> Work to complete:
Without the pictures, return each record as it appears.

> Entries shown:
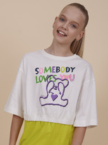 Футболка унисекс детская. Спущенное плечо, втачной рукав. Укрепление горловины спинки контрастной бейкой.
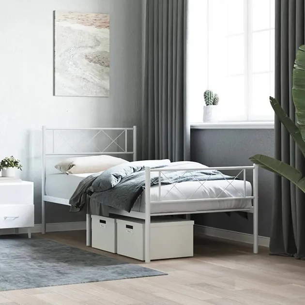 Białe pojedyncze łózko metalowe w stylu loft 90x200 cm - Raffa
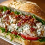 A delightful sandwich combining tender chopped chicken, crispy bacon, and creamy ranch dressing, all nestled in a fresh baguette.
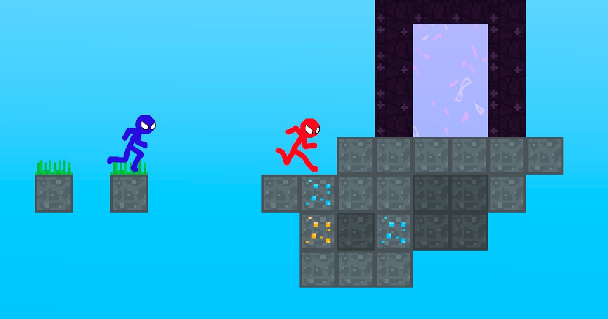 stickman guys need to survive in the world of blocks two brothers stikmans have to go to the portal and get rid of them. help them and run to the portal. You have to be careful before jumping from the portal, be careful of falling off the cliff and disappearing floors, they are not the only one, there are many obstacles, after all, be careful on the moving floors.
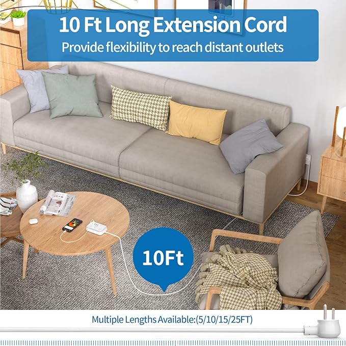 - 【 10 ft Flat Extension Cord with Flat Plug 】The flat extension cord 10 feet gives you the flexibility to reach distant outlets and hard-to-reach places. A perfect solution for when power outlets are not conveniently located nearby. 45°angled plug doesn’t block the bottom receptacle. The flat plug features a low profile fits easily in tight spaces like behind furniture, bookshelves, desks.
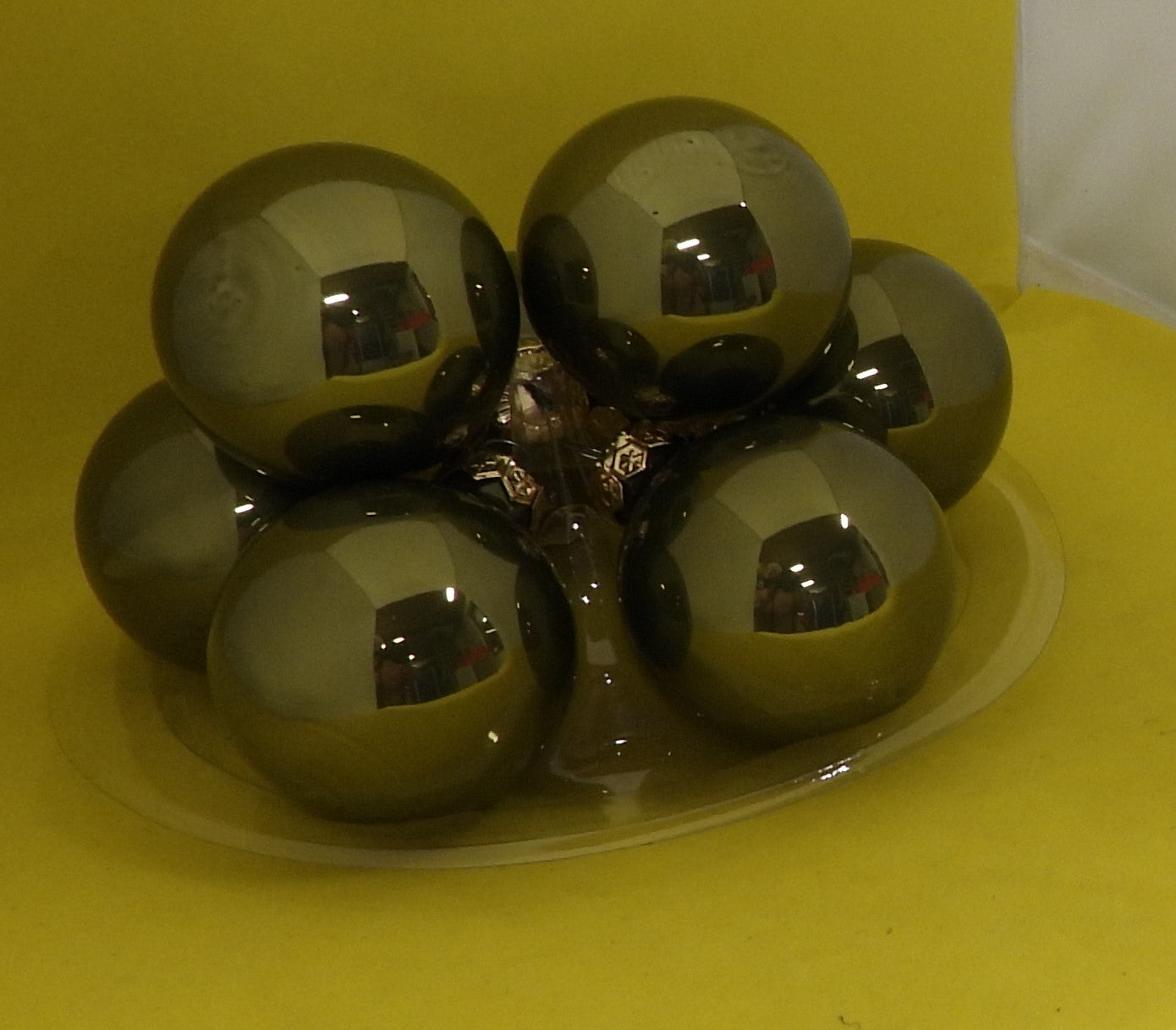 6 olivengrønne glaskugler Ø = 5,5 cm
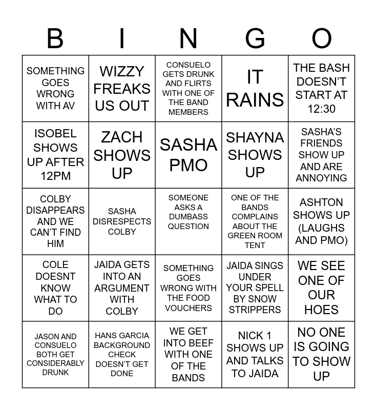 This bingo card has a free space and 24 words: JAIDA GETS INTO AN ARGUMENT WITH COLBY, HANS GARCIA BACKGROUND CHECK DOESN’T GET DONE, SASHA PMO, JASON AND CONSUELO BOTH GET CONSIDERABLY DRUNK, THE BASH DOESN’T START AT 12:30, SOMETHING GOES WRONG WITH AV, ISOBEL SHOWS UP AFTER 12PM, WIZZY FREAKS US OUT, ONE OF THE BANDS COMPLAINS ABOUT THE GREEN ROOM TENT, SOMETHING GOES WRONG WITH THE FOOD VOUCHERS, SHAYNA SHOWS UP, COLBY DISAPPEARS AND WE CAN’T FIND HIM, JAIDA SINGS UNDER YOUR SPELL BY SNOW STRIPPERS, WE SEE ONE OF OUR HOES, ZACH SHOWS UP, NICK 1 SHOWS UP AND TALKS TO JAIDA, ASHTON SHOWS UP (LAUGHS AND PMO), CONSUELO GETS DRUNK AND FLIRTS WITH ONE OF THE BAND MEMBERS, SASHA’S FRIENDS SHOW UP AND ARE ANNOYING, SASHA DISRESPECTS COLBY, NO ONE IS GOING TO SHOW UP, COLE DOESNT KNOW WHAT TO DO, IT RAINS and WE GET INTO BEEF WITH ONE OF THE BANDS.

> Response area:
 Футболка унисекс детская. Спущенное плечо, втачной рукав. Укрепление горловины спинки контрастной бейкой.
 Białe pojedyncze łózko metalowe w stylu loft 90x200 cm - Raffa
 A delightful sandwich combining tender chopped chicken, crispy bacon, and creamy ranch dressing, all nestled in a fresh baguette.
 stickman guys need to survive in the world of blocks two brothers stikmans have to go to the portal and get rid of them. help them and run to the portal. You have to be careful before jumping from the portal, be careful of falling off the cliff and disappearing floors, they are not the only one, there are many obstacles, after all, be careful on the moving floors.
 - 【 10 ft Flat Extension Cord with Flat Plug 】The flat extension cord 10 feet gives you the flexibility to reach distant outlets and hard-to-reach places. A perfect solution for when power outlets are not conveniently located nearby. 45°angled plug doesn’t block the bottom receptacle. The flat plug features a low profile fits easily in tight spaces like behind furniture, bookshelves, desks.
 6 olivengrønne glaskugler Ø = 5,5 cm
 This bingo card has a free space and 24 words: JAIDA GETS INTO AN ARGUMENT WITH COLBY, HANS GARCIA BACKGROUND CHECK DOESN’T GET DONE, SASHA PMO, JASON AND CONSUELO BOTH GET CONSIDERABLY DRUNK, THE BASH DOESN’T START AT 12:30, SOMETHING GOES WRONG WITH AV, ISOBEL SHOWS UP AFTER 12PM, WIZZY FREAKS US OUT, ONE OF THE BANDS COMPLAINS ABOUT THE GREEN ROOM TENT, SOMETHING GOES WRONG WITH THE FOOD VOUCHERS, SHAYNA SHOWS UP, COLBY DISAPPEARS AND WE CAN’T FIND HIM, JAIDA SINGS UNDER YOUR SPELL BY SNOW STRIPPERS, WE SEE ONE OF OUR HOES, ZACH SHOWS UP, NICK 1 SHOWS UP AND TALKS TO JAIDA, ASHTON SHOWS UP (LAUGHS AND PMO), CONSUELO GETS DRUNK AND FLIRTS WITH ONE OF THE BAND MEMBERS, SASHA’S FRIENDS SHOW UP AND ARE ANNOYING, SASHA DISRESPECTS COLBY, NO ONE IS GOING TO SHOW UP, COLE DOESNT KNOW WHAT TO DO, IT RAINS and WE GET INTO BEEF WITH ONE OF THE BANDS.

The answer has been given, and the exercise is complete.